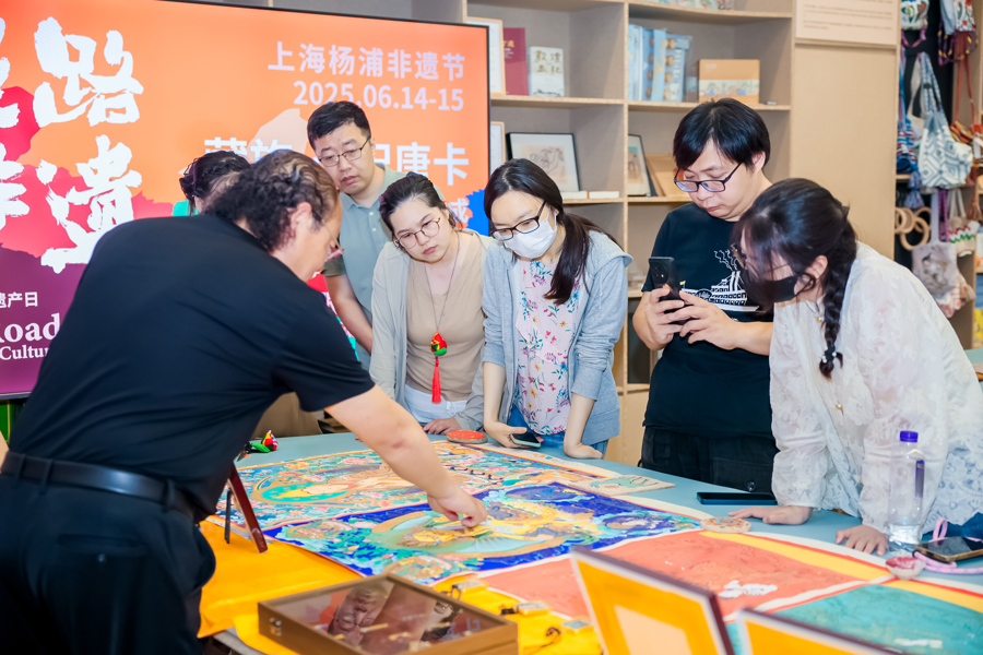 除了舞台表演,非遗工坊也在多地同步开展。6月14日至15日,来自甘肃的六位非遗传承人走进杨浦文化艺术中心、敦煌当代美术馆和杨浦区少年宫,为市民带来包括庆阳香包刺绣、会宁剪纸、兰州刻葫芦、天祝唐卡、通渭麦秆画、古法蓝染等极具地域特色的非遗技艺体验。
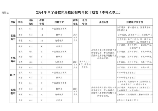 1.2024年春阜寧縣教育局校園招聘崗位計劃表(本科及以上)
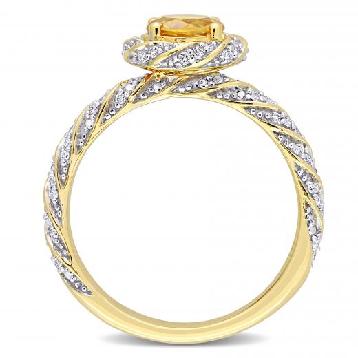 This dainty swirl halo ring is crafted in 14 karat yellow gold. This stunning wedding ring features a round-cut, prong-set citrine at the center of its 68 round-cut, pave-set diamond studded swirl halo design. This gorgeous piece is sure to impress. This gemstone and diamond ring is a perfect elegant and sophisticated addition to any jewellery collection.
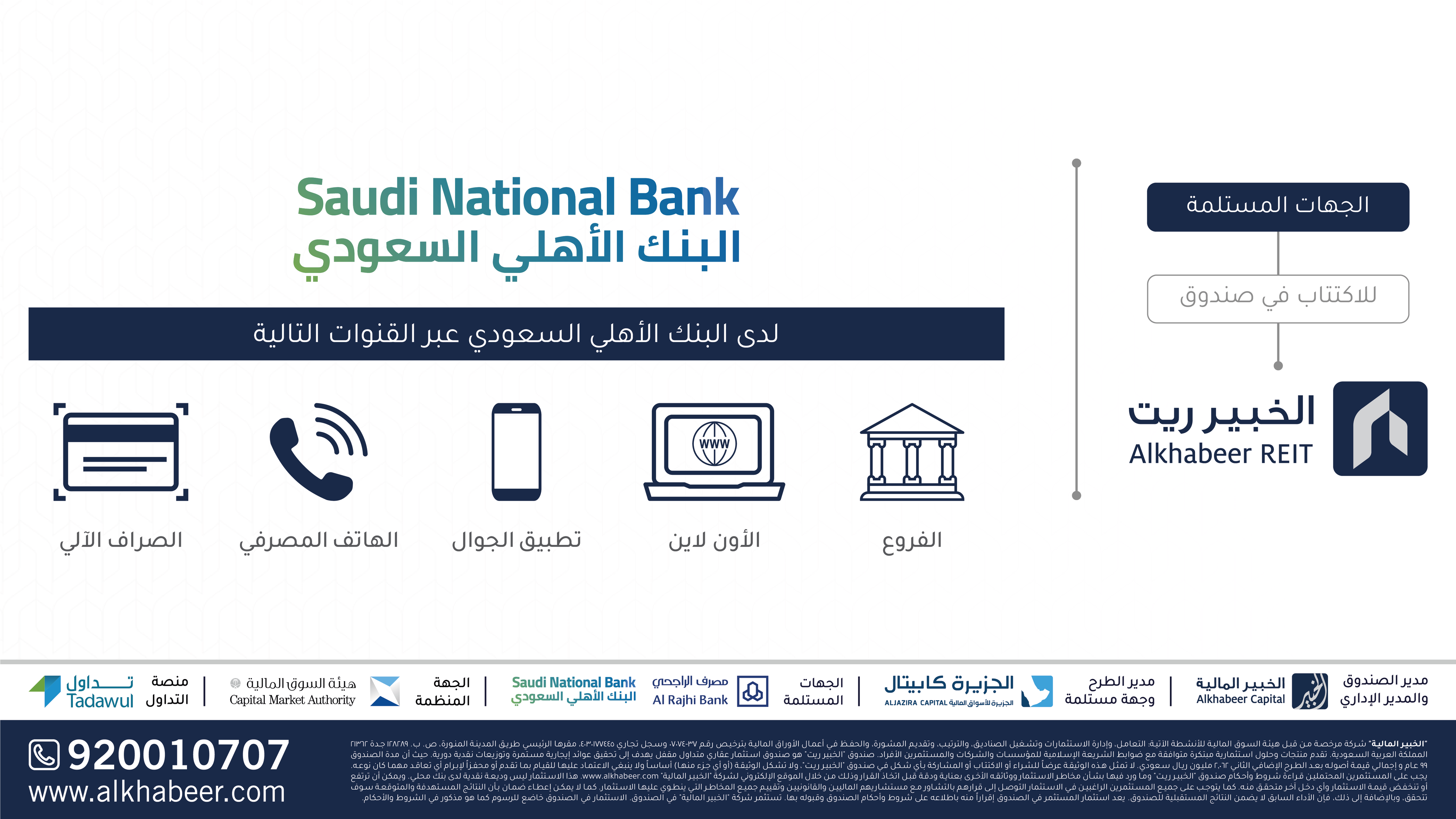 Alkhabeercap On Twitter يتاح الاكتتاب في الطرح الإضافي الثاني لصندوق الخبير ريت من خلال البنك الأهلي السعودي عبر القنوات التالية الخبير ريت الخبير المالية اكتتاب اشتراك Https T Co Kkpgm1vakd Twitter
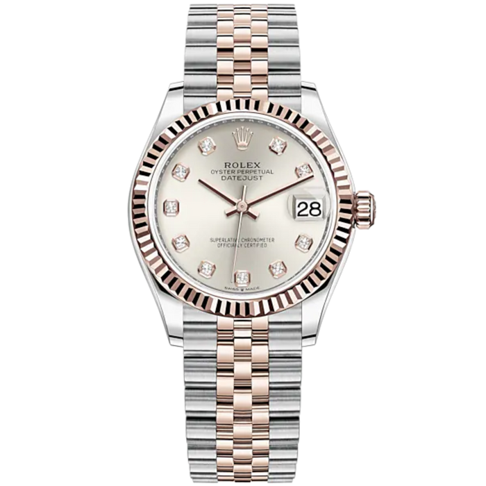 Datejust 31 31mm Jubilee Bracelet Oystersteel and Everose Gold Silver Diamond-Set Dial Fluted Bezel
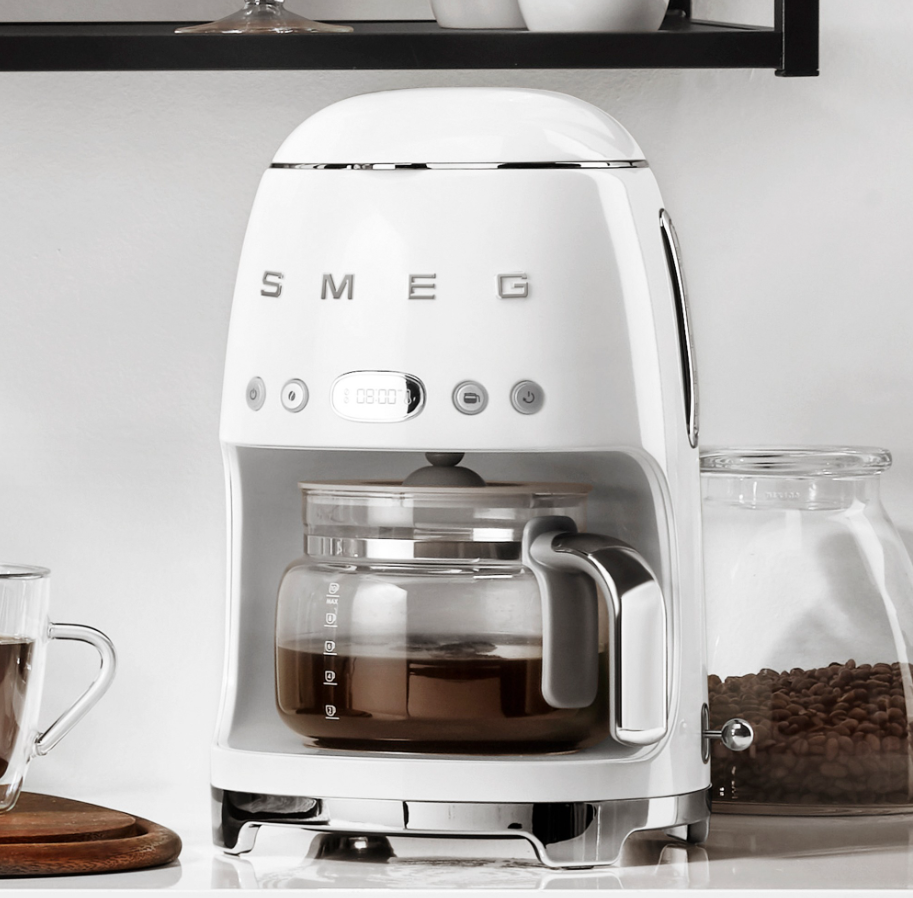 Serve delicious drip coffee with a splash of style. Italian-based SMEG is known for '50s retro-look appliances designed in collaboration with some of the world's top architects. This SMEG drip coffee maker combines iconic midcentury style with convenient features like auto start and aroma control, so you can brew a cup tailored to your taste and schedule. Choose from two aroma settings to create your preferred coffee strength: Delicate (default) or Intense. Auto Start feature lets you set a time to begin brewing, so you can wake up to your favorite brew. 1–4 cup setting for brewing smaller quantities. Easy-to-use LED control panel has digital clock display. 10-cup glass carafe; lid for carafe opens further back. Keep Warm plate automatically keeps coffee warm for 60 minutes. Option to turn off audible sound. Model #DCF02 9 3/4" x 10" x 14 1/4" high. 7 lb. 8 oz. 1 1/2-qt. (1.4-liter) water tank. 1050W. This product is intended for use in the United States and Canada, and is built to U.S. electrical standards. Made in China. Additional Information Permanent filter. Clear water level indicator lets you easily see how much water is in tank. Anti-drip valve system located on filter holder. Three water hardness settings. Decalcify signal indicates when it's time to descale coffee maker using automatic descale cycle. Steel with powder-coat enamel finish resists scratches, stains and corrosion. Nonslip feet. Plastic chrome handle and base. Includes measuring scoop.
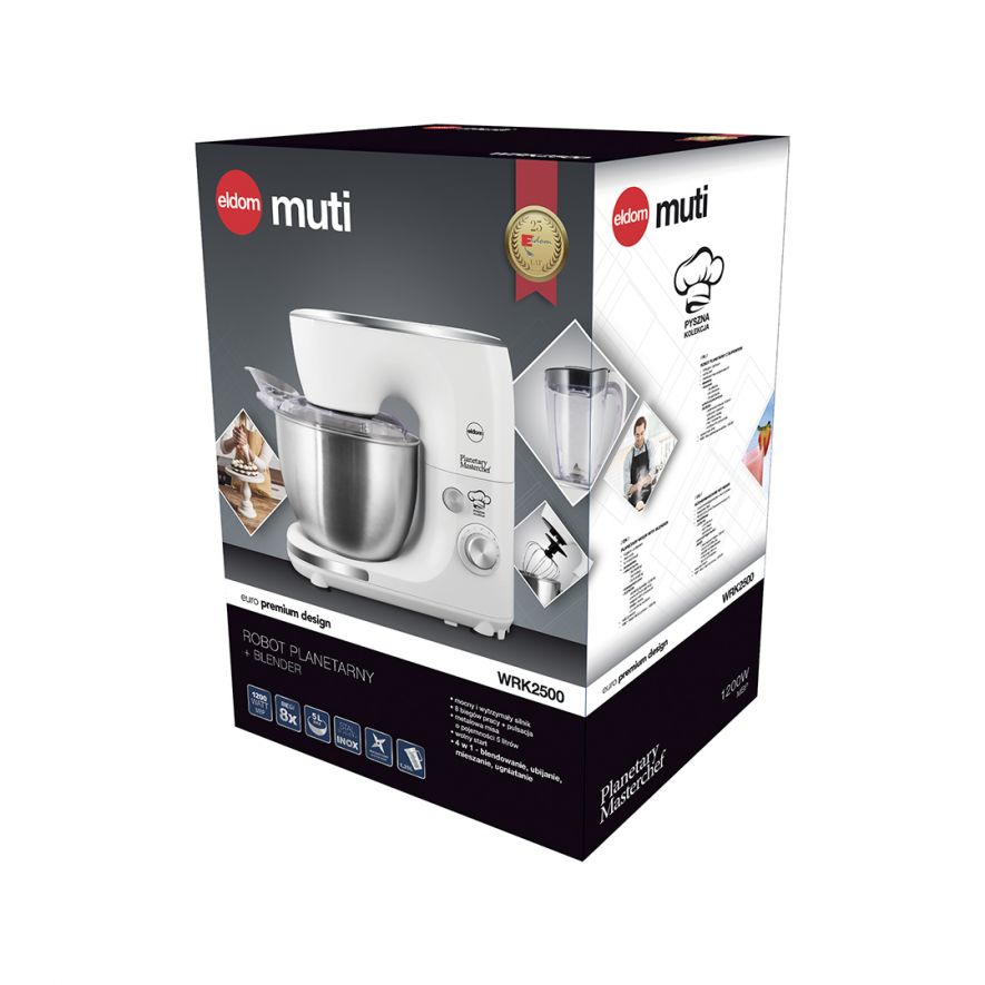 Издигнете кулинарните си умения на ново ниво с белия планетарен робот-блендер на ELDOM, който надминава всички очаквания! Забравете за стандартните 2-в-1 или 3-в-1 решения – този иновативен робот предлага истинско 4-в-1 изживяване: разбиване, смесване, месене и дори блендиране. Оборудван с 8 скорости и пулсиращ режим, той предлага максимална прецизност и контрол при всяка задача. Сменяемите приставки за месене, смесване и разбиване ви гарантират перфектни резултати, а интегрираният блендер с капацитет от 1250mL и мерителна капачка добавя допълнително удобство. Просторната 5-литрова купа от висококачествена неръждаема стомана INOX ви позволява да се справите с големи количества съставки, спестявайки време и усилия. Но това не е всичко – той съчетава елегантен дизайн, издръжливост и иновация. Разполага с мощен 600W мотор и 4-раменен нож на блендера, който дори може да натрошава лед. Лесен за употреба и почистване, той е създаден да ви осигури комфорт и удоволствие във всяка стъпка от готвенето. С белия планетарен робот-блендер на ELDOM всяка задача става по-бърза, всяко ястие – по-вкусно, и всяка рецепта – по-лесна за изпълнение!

Try it
Skipping every picture, transcribe exactly the lines above from the one containing "Alkhabeercap On Twitter" through the one containing "Datejust 31 31mm", both included.

Result of this exercise
 Alkhabeercap On Twitter يتاح الاكتتاب في الطرح الإضافي الثاني لصندوق الخبير ريت من خلال البنك الأهلي السعودي عبر القنوات التالية الخبير ريت الخبير المالية اكتتاب اشتراك Https T Co Kkpgm1vakd Twitter
 Datejust 31 31mm Jubilee Bracelet Oystersteel and Everose Gold Silver Diamond-Set Dial Fluted Bezel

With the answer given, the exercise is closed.